_Assigned task_
Below are the records; give again exactly the lines from the one containing "黒ゴマクリームのミニロールケーキの上に、紫芋餡のクリームを絞りました。" through the one containing "MiRNAs are ~22nt", leaving out pictures.

_Entries taken from a collection_
[Start of section]

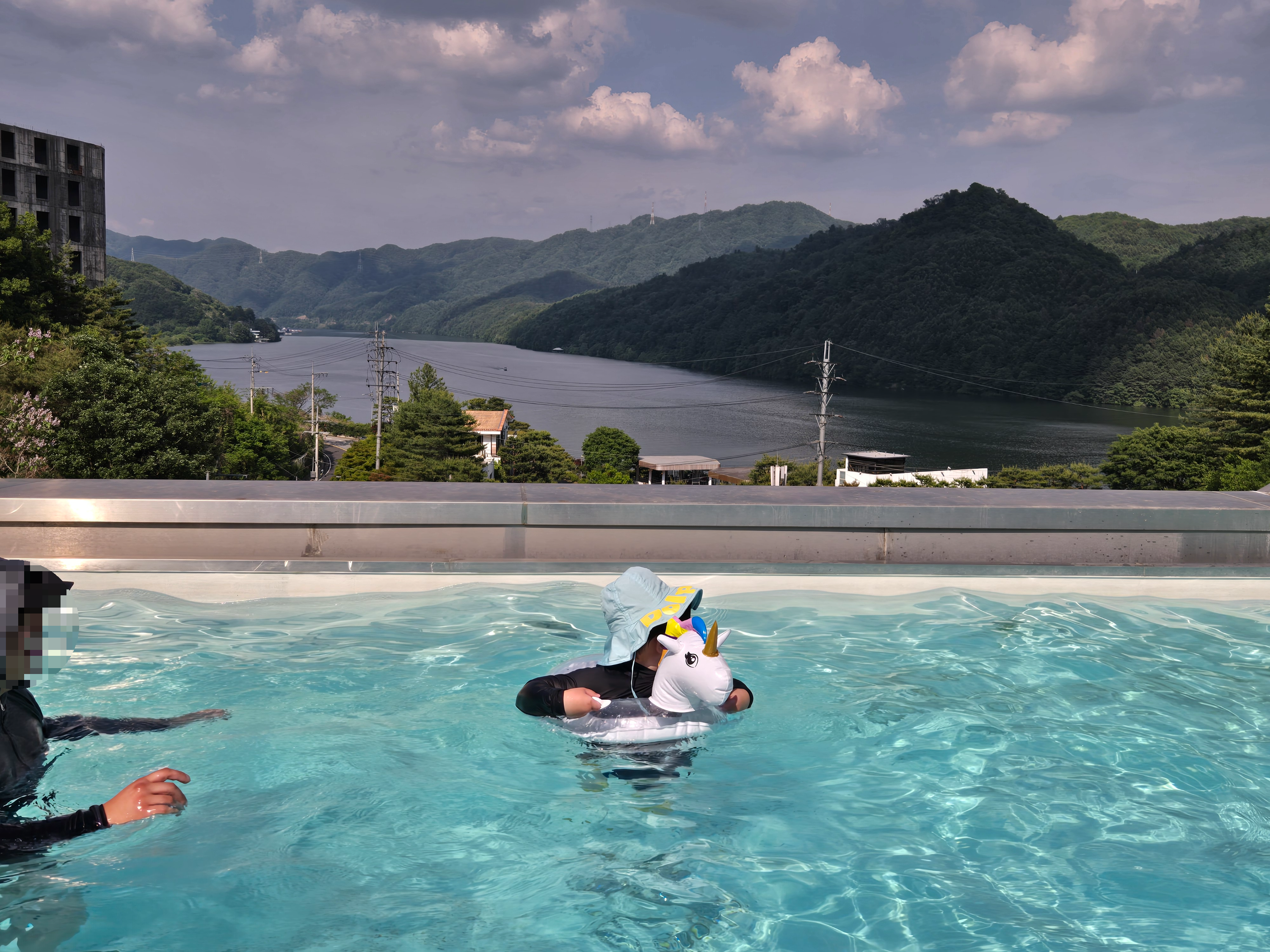 북한강 뷰의 인피니티풀 수영장 카페에서 수영을 즐겨보았는데요~
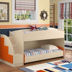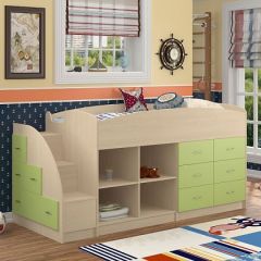 Кровать-чердак "Дюймовочка-4/3" рассчитана на двоих детей, так как объединяет два полноценных спальных места. Выдвижная нижняя кровать может устанавливаться в удобном положении для сна в ночное время и убираться в дневное время. Под кроватью имеется ящик для белья и открытые ниши. В лестнице предусмотрены выдвижные ящики для хранения вещей. Такой уголок экономит пространство в детской комнате. Кровать подойдет детям от 2 до 18 лет.
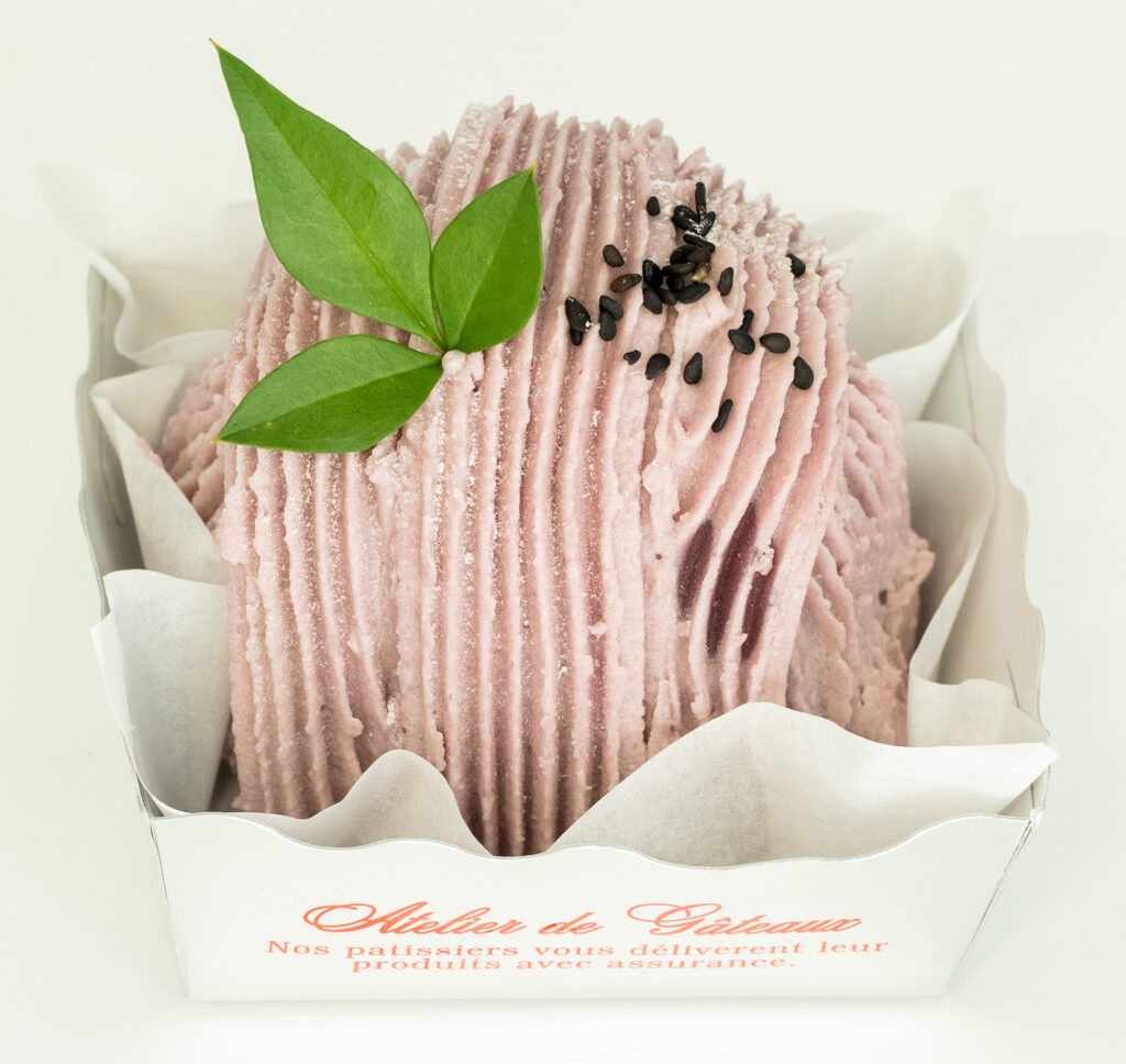 黒ゴマクリームのミニロールケーキの上に、紫芋餡のクリームを絞りました。
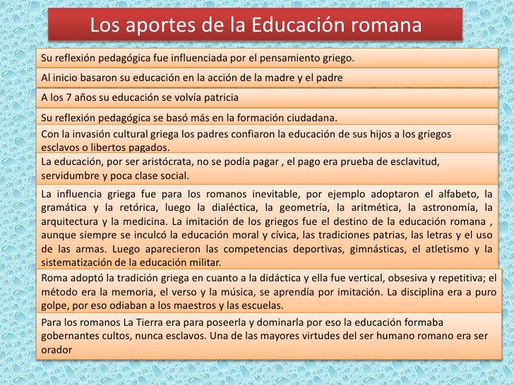 Si los jóvenes eran plebeyos aprendían artesanía, agricultura, la historia de sus tradiciones, las leyes del imperio, los drogmas, usos y costumbres; las mujeres recibían todo aquello que las ayudaran a ser buenas amas de casa y madres.
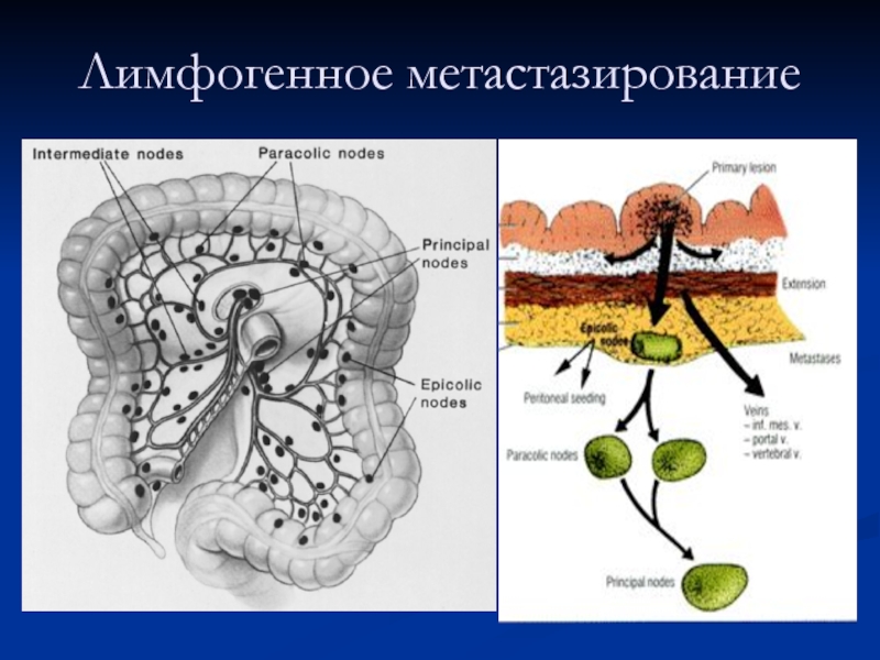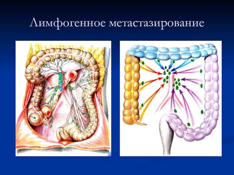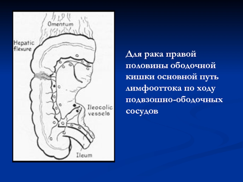 Слайд 38Для рака правой половины ободочной кишки основной путь лимфооттока по
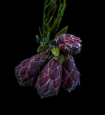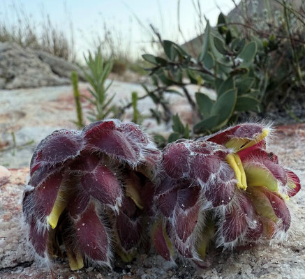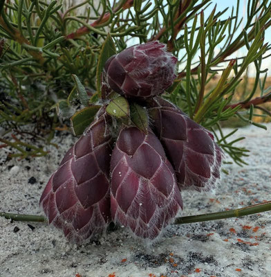 Curiosidades. La polinización de esta especie es realizada por mamíferos no voladores, un fenómeno poco común dentro de la flora del fynbos. Se encuentra catalogada como Vulnerable (VU) en la Lista Roja de Plantas Sudafricanas, debido a la extrema fragmentación de sus poblaciones naturales (estimadas en menos de 1000 individuos), así como por las amenazas derivadas del desarrollo urbano en la región de Ciudad del Cabo y la expansión de especies exóticas invasoras.
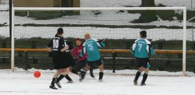 Unter diesen Bedingungen kam die Zweite bsonders gut zurecht. Im letzten Drittel der ersten Halbzeit erzielte Kese mit einen schönen Heber das 3:0. Zuvor hatten Moppel und Döhler getroffen.
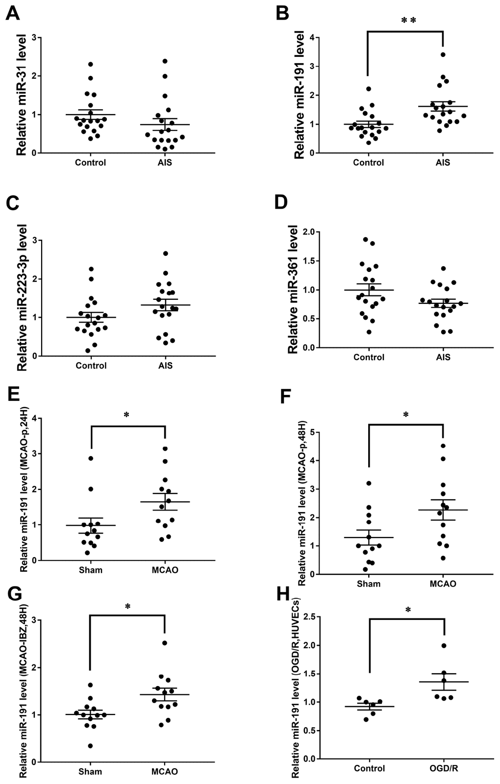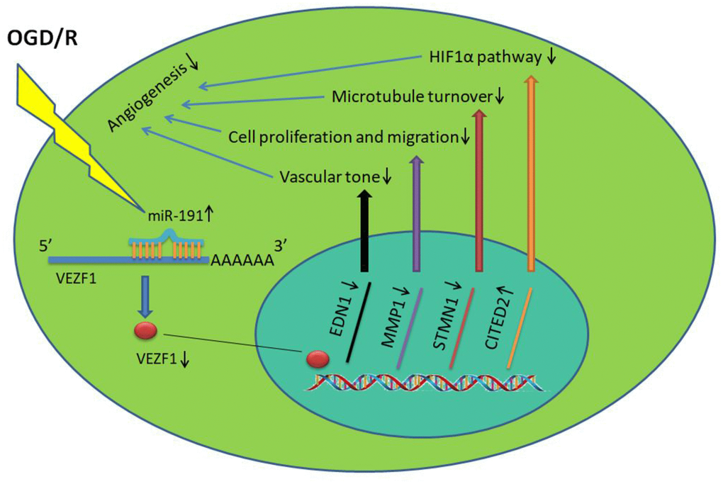 MiRNAs are ~22nt RNAs that mediate posttranscriptional regulation of mRNA targets by binding to their 3′ un-translated region (UTRs) in diverse eukaryotic lineages [12]. Changes of MiRNA expression profile have been detected in AIS patients [13], middle cerebral artery occlusion (MCAO) rats [14] and oxygen-glucose deprivation/reoxygenation (OGD/R) cells [15–17]. Particularly, several angiogenesis-associated miRNAs, such as miR-210 [18, 19], miR-21 [20, 21], miR-126 [22, 23], miR-155 [24, 25], miR-31 [26], miR-223-3p [27], miR-191 [28] and miR-361 [29], are altered in patients with AIS and injured endothelial cells. However, the mechanism underlying the role of angiogenesis-associated miRNAs in AIS remains to be further explored.
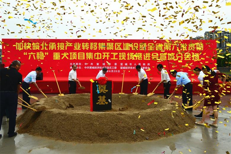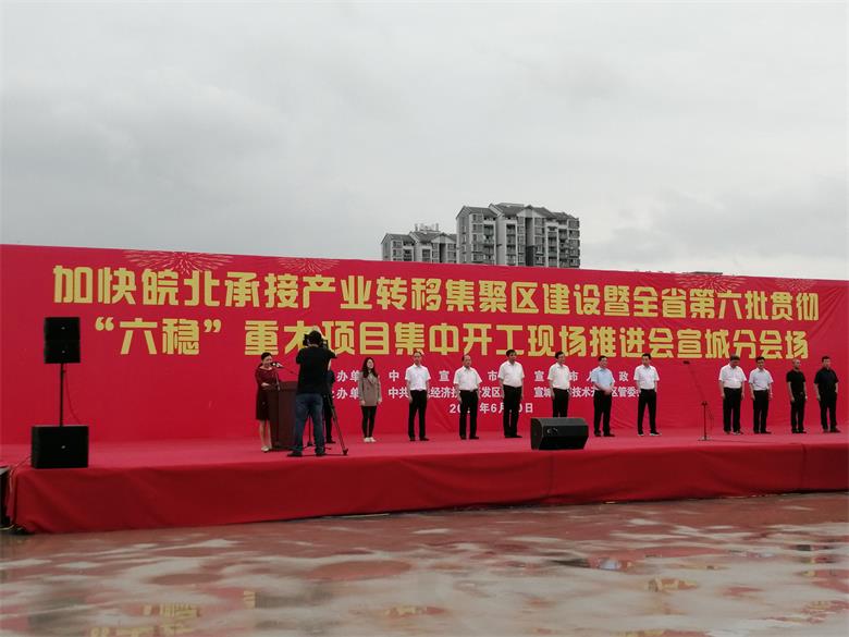 6月20日上午,“全省加快皖北承接產(chǎn)業(yè)轉(zhuǎn)移集聚區(qū)建設(shè)暨全省第六批貫徹“六穩(wěn)”重大項目集中開工現(xiàn)場推進會宣城分會場活動”在宣城市開發(fā)區(qū)宇航智能制造產(chǎn)業(yè)基地舉行,市委書記陶方啟市長孔曉宏、市政府主要領(lǐng)導(dǎo)班子及經(jīng)開區(qū)管委會一行領(lǐng)導(dǎo)出席活動
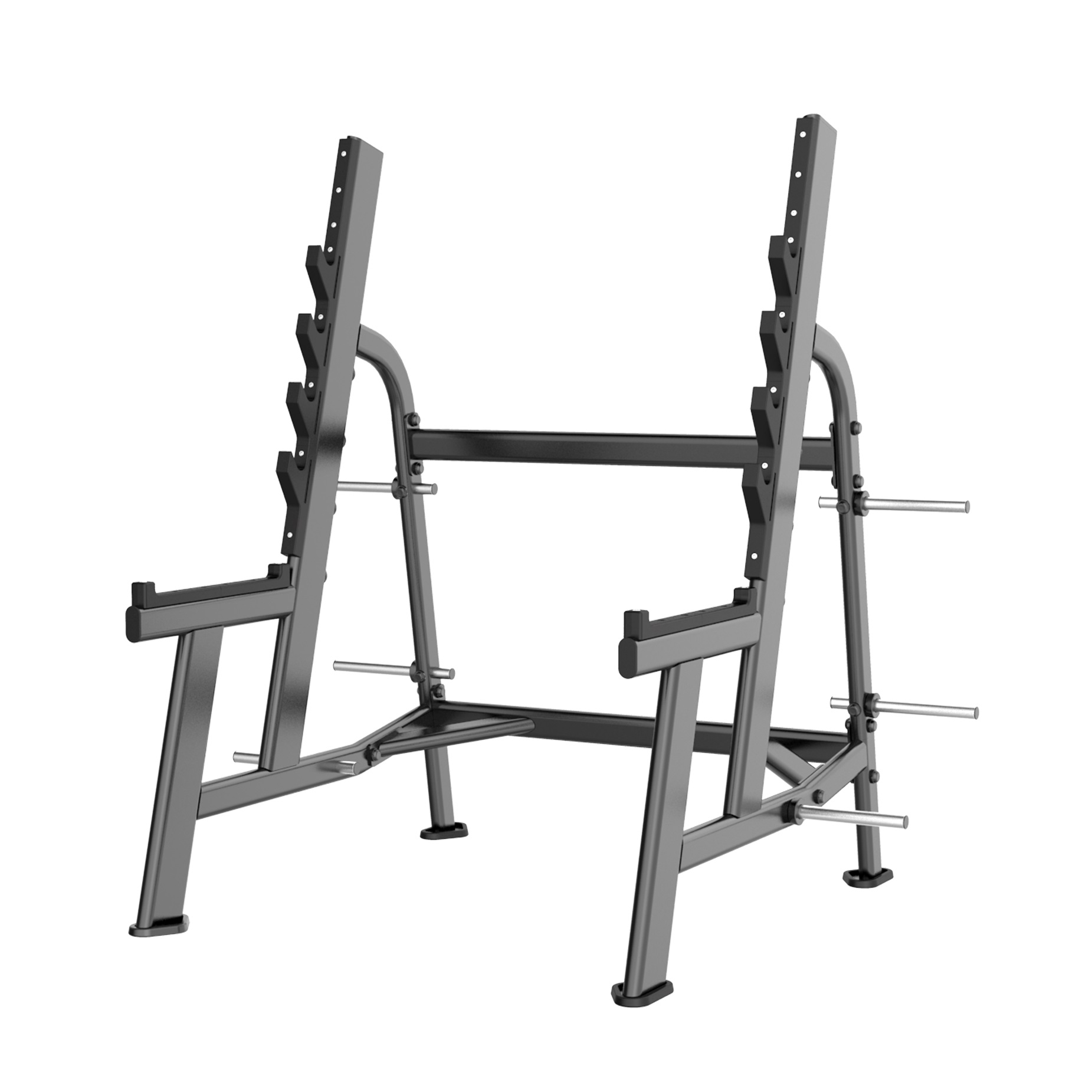 Ограничители, расположенные по длине стойки позволяют располагать штангу на различных уровнях. Свободное место, между упорами стойки, позволяет разметить скамью и выполнять упражнения из положений лежа или сидя. Кронштейны для дисков позволяют быстро прибавить или убавить вес на снаряд.
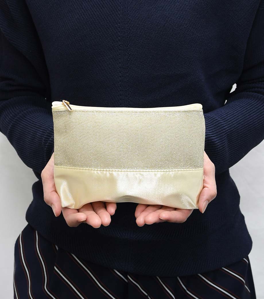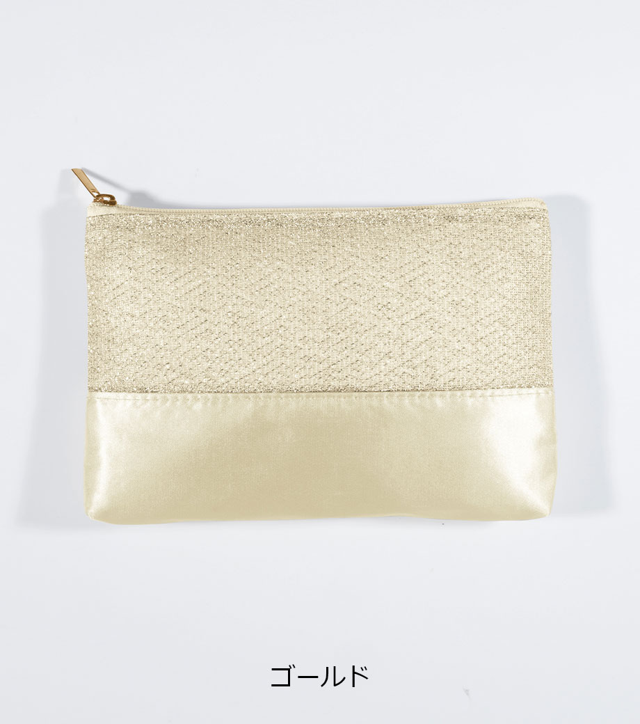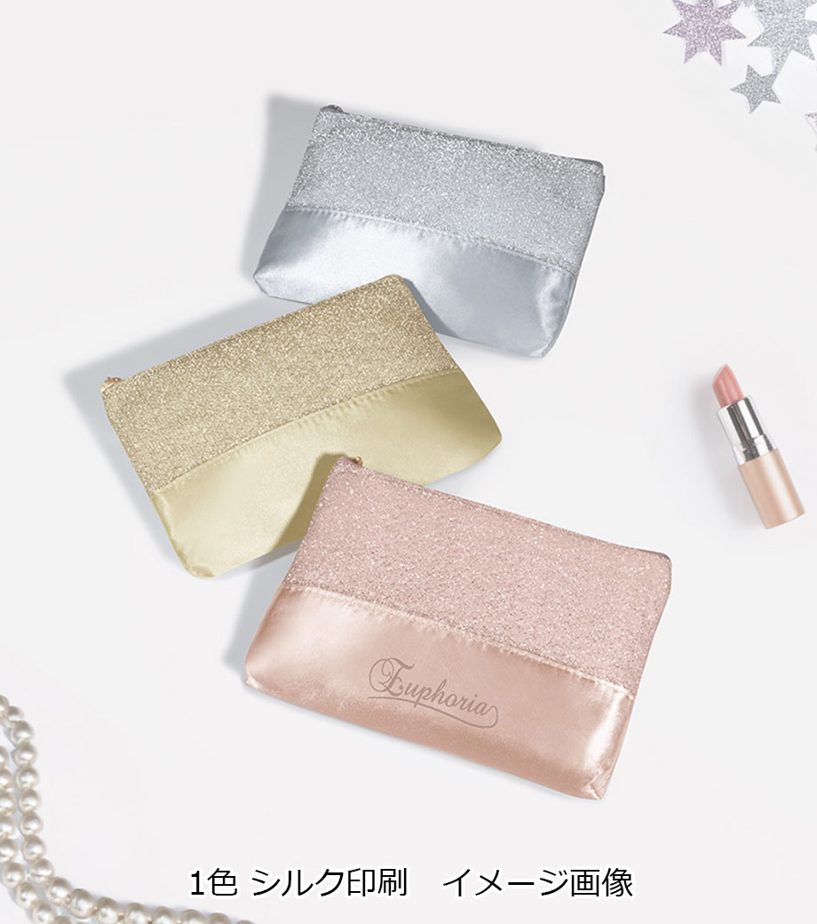 ラメが施された生地とサテン生地を組み合わせた、おしゃれなポーチのノベルティです。異なるタイプの輝きが華やかさを演出します。スリム形状なのでバッグに入れやすく、日常使いに便利。お直し用コスメやエチケット用品などを収納できます。イベントやパーティーなどのお出かけに持ち歩くのもおすすめです。

[End of section]

_Written reply_
 黒ゴマクリームのミニロールケーキの上に、紫芋餡のクリームを絞りました。
 Si los jóvenes eran plebeyos aprendían artesanía, agricultura, la historia de sus tradiciones, las leyes del imperio, los drogmas, usos y costumbres; las mujeres recibían todo aquello que las ayudaran a ser buenas amas de casa y madres.
 Слайд 38Для рака правой половины ободочной кишки основной путь лимфооттока по
 Curiosidades. La polinización de esta especie es realizada por mamíferos no voladores, un fenómeno poco común dentro de la flora del fynbos. Se encuentra catalogada como Vulnerable (VU) en la Lista Roja de Plantas Sudafricanas, debido a la extrema fragmentación de sus poblaciones naturales (estimadas en menos de 1000 individuos), así como por las amenazas derivadas del desarrollo urbano en la región de Ciudad del Cabo y la expansión de especies exóticas invasoras.
 Unter diesen Bedingungen kam die Zweite bsonders gut zurecht. Im letzten Drittel der ersten Halbzeit erzielte Kese mit einen schönen Heber das 3:0. Zuvor hatten Moppel und Döhler getroffen.
 MiRNAs are ~22nt RNAs that mediate posttranscriptional regulation of mRNA targets by binding to their 3′ un-translated region (UTRs) in diverse eukaryotic lineages [12]. Changes of MiRNA expression profile have been detected in AIS patients [13], middle cerebral artery occlusion (MCAO) rats [14] and oxygen-glucose deprivation/reoxygenation (OGD/R) cells [15–17]. Particularly, several angiogenesis-associated miRNAs, such as miR-210 [18, 19], miR-21 [20, 21], miR-126 [22, 23], miR-155 [24, 25], miR-31 [26], miR-223-3p [27], miR-191 [28] and miR-361 [29], are altered in patients with AIS and injured endothelial cells. However, the mechanism underlying the role of angiogenesis-associated miRNAs in AIS remains to be further explored.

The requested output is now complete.